Under the Bayesian formulation, a Dirichlet prior is placed on the transition probabilities at each context and a prior distribution over tree topologies is defined through per-node weights. The resulting posterior over trees can be computed exactly: a single bottom-up recursion over the maximal tree yields the marginal likelihood, the posterior probability of every candidate tree, the MAP tree, and an exact sampler — all without MCMC.
Usage
Included data
The package ships with two example datasets: abc_vec (a single sequence of length 1000) and abc_list (a list of three sequences of length 1000 each), generated from a three-symbol VLMC with alphabet {a, b, c}.
library(bacontrees)
data(abc_list)
head(abc_list[[1]], 20)
#> [1] "a" "c" "a" "c" "a" "c" "c" "b" "c" "b" "a" "c" "c" "b" "c" "b" "c" "b" "b"
#> [20] "c"
Simulating sequences from a VLMC
Use rvlmc() to generate synthetic sequences given a context list and the corresponding transition probability vectors.
alphabet <- c("a", "b", "c")
context_list <- c("*.a", "*.b", "*.c.a", "*.c.b", "*.c.c")
context_probs <- list(
c(0.10, 0.20, 0.70), # after 'a'
c(0.33, 0.33, 0.34), # after 'b'
c(0.20, 0.10, 0.70), # after 'ac'
c(0.01, 0.98, 0.01), # after 'bc'
c(0.40, 0.40, 0.20) # after 'cc'
)
set.seed(42)
seq1 <- rvlmc(1000, alphabet, context_list, context_probs)
head(seq1, 20)
#> [1] "a" "a" "a" "a" "c" "c" "b" "a" "b" "a" "a" "c" "c" "a" "c" "c" "b" "c" "b"
#> [20] "b"
Frequentist fitting — fit_vlmc()
fit_vlmc() implements the classical context algorithm: build a maximal tree, then prune nodes whose likelihood-ratio test statistic falls below cutoff.
fit <- fit_vlmc(abc_list, cutoff = 20, max_length = 4)
fit$getActiveNodes()
#> [1] "*.a" "*.b" "*.c.a" "*.c.b" "*.c.c"

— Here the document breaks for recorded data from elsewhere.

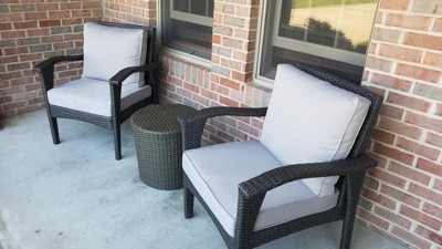 This was not an inexpensive set of patio chairs, but I splurged because I wanted a gray set and they are hard to find. I also liked the design, which is a little more stylish than the usual. Unfortunately, the screws did not line up and my husband and I spent two hours trying to attach the arms to the body. So, I gave up and spent the next hour contacting Target to let them know that I needed a return and pick up at my house. The first person put me on hold for 20 minutes while he went to get a tracking number. I guess he needed a snack too because he never came back. I called again and finally talked with someone who initiated the return, THEN I had the impossible task of getting the two chairs pieces back in the box and taped. The entire saga took my entire afternoon. I'm left with no chairs, a backache, a headache.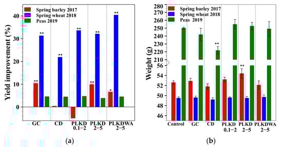 (a) The yield of spring barley, spring wheat and peas; (b) 1000-grain weight of spring barley, spring wheat and 1000-seed weight of peas. * and ** indicate significant differences according to Fisher’s least significant difference test. Statistically significant at * p < 0.05 and ** p < 0.01 level.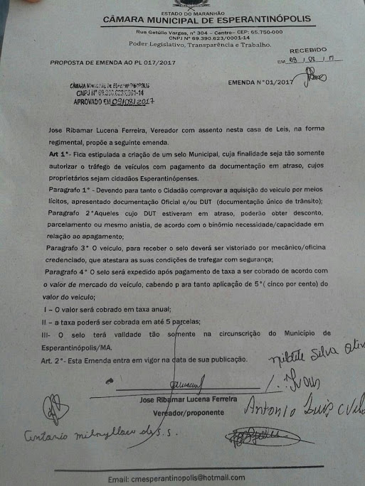Vereadores da base aliada ao prefeito Aluisinho do Posto (PCdoB), de Esperantinópolis, no interior do Maranhão, aprovaram na semana passada um curioso projeto de lei.

Visualising a context tree
ContextTree (and baConTree) objects have an S3 plot() method that uses ggraph internally and can be customised like any ggplot2 object.
plot(fit)

Exact Bayesian inference — baConTree
baConTree extends ContextTree with Bayesian machinery. On construction it runs a bottom-up recursion that precomputes the normalising constants ($\sigma$-values) at every node of the maximal tree. These values make all key Bayesian quantities available as direct, closed-form computations.
bt <- baConTree$new(abc_list, maximalDepth = 3, alpha = 0.01,
priorWeights = function(node) exp(-node$getDepth() / 3))
Marginal likelihood
The exact log marginal likelihood of the data (integrating over all tree topologies and all transition probability matrices) is available immediately after construction:
bt$getMarginalLikelihood(log = TRUE)
#> [1] -2665.658
MAP tree
The MAP tree is found exactly in a single top-down pass — no sampling required:
bt$activateMap()
bt$getActiveNodes()
#> [1] "*.a" "*.c.a" "*.b" "*.c.b" "*.c.c"
Exact posterior probabilities
The prior and posterior probability of any candidate tree can be evaluated exactly by activating that tree and calling activeTreeProbabilities():
bt$activateFromContexts(c("*.a", "*.b", "*.c.a", "*.c.b", "*.c.c"))
bt$activeTreeProbabilities()
#> $prior
#> [1] 0.04045974
#>
#> $posterior
#> [1] 0.9998251
Exact sampling
Draw independent samples directly from the prior or posterior without MCMC:
set.seed(1)
bt$sampleTree("posterior")
#> [1] "AAAAADNAAA"
bt$getActiveNodes()
#> [1] "*.a" "*.c.a" "*.b" "*.c.b" "*.c.c"
Metropolis-Hastings sampling — metropolis_vlmc()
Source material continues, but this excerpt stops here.